¹ M. Dassault Molecular Biology Laboratory, Centre de Diagnostic Prénatal, American Hospital of Paris, 63 bd Victor Hugo, 92200 Neuilly-sur-Seine, France

^aAuthor for correspondence. E-mail jean-marc.costa{at}ahparis.org.

To the Editor:

Since the first demonstration of the presence of cell-free fetal DNA in maternal plasma of pregnant women (1), many reports have been published, mainly about fetal sex and RhD determinations (2)(3). Although good results have been obtained with conventional PCR, real-time PCR is now the most widely used amplification system for fetal DNA analysis because it allows high sensitivity with a high degree of protection against contamination (4). Conventional PCR may produce false-positive results from contamination (5), whereas real-time PCR, because it is a closed-tube system, reduces the risk of false-positive results from carryover of PCR products (6)(7). During sample preparation, however, contamination can result either from cross-contamination between samples or from the operator, particularly if a very small amount of human target sequence has to be detected, such as cell-free fetal DNA in maternal serum.

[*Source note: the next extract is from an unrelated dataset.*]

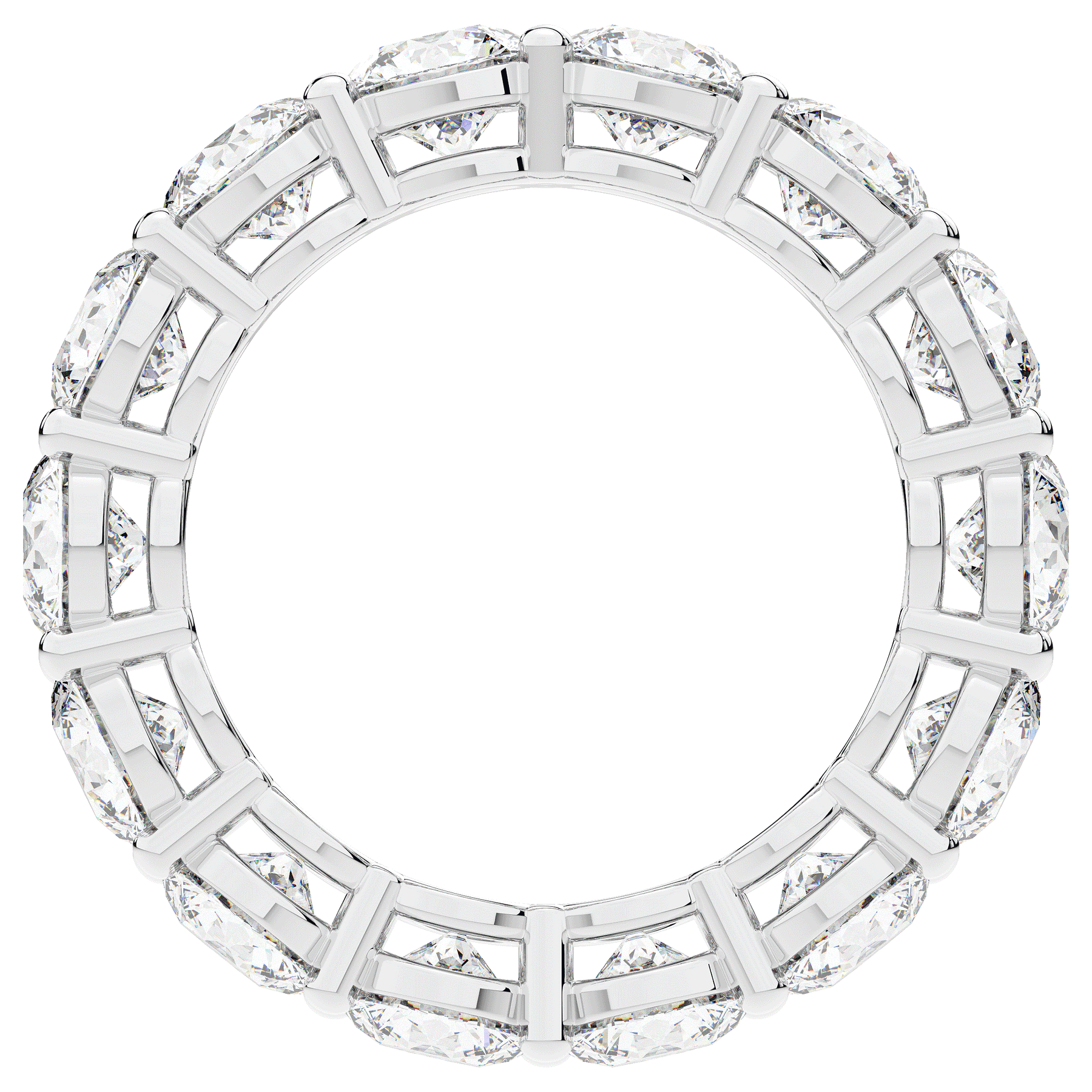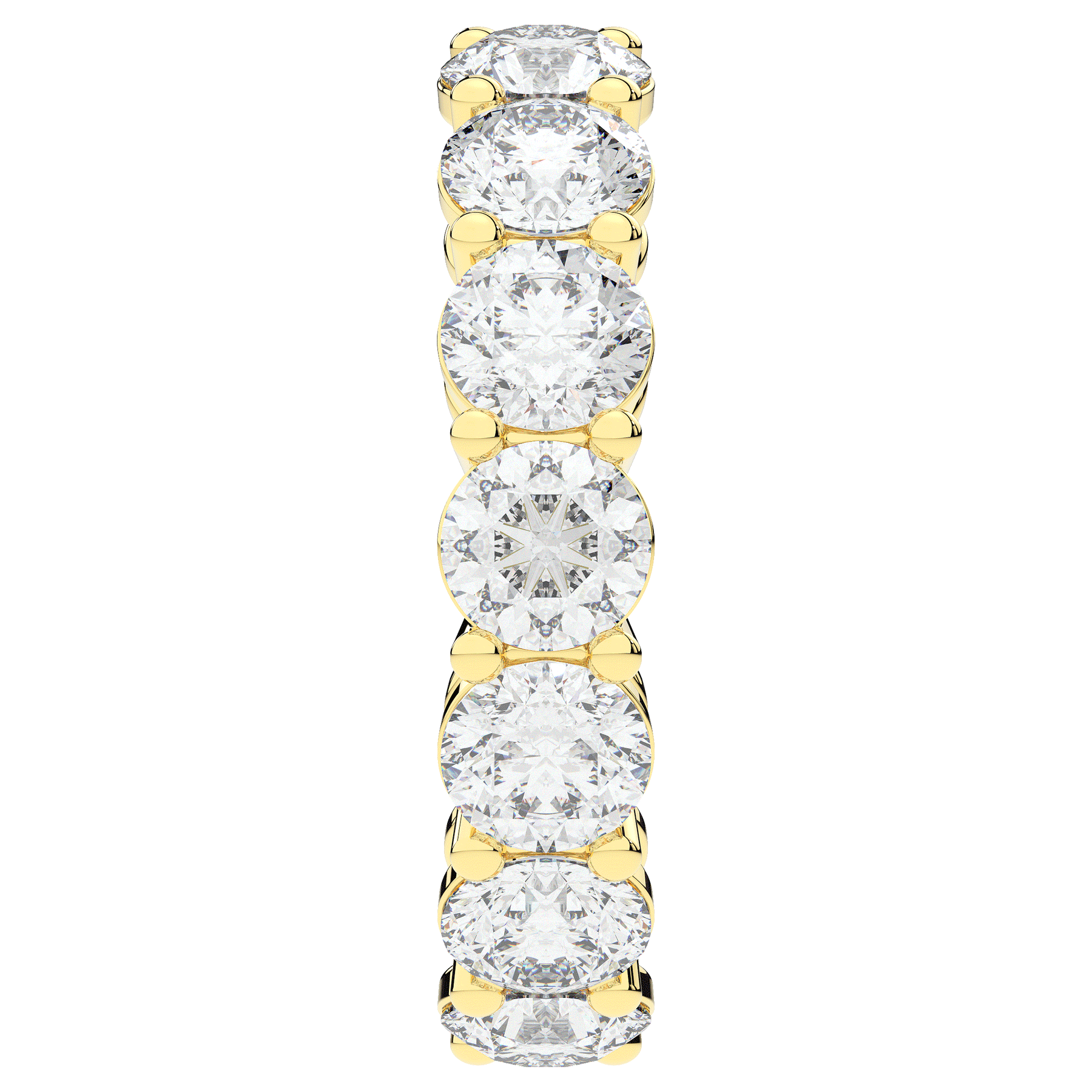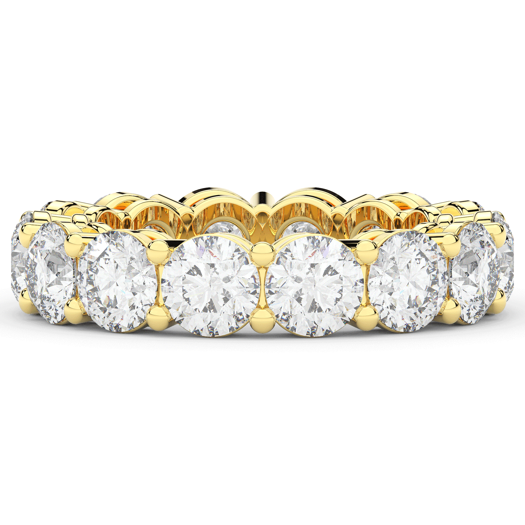 This wedding band features bright round lab grown diamonds, prong set in an eternity style. This ring is available in 14k white, yellow or rose gold, 18k yellow gold, as well as platinum.

We evaluated a fully automated sample preparation system (8) combined with real-time PCR. We extracted DNA from maternal serum by use of the MagNA Pure LC apparatus (Roche Biochemicals) with the Total Nucleic Acid LV reagent set (Roche) according to the manufacturer’s instructions. The eluted DNA and PCR reagents were automatically dispensed into PCR capillaries by an integrated PCR reaction set-up procedure. The operator only placed the reagents and samples in the apparatus.

In the first part of the study, cross-contamination between samples was evaluated. We introduced 1 mL of serum from a male and a female in an alternating pattern (Fig. 1A ). DNA was eluted in 50 µL of elution buffer. We used 10 µL of each of the 32 eluates for real-time PCR amplification of the SRY gene (3). Two clearly distinguishable groups of curves were observed (Fig. 1B ): as expected, the 16 extracted DNA samples from male serum gave positive results for the SRY gene, whereas all DNA extracts from the female serum gave negative results. Quantitative results for the male serum, expressed as crossing points (cp), defined as the maximum of the second derivative of the fluorescence curves, revealed a CV of 0.4% at a 30.6 cp value (n = 16).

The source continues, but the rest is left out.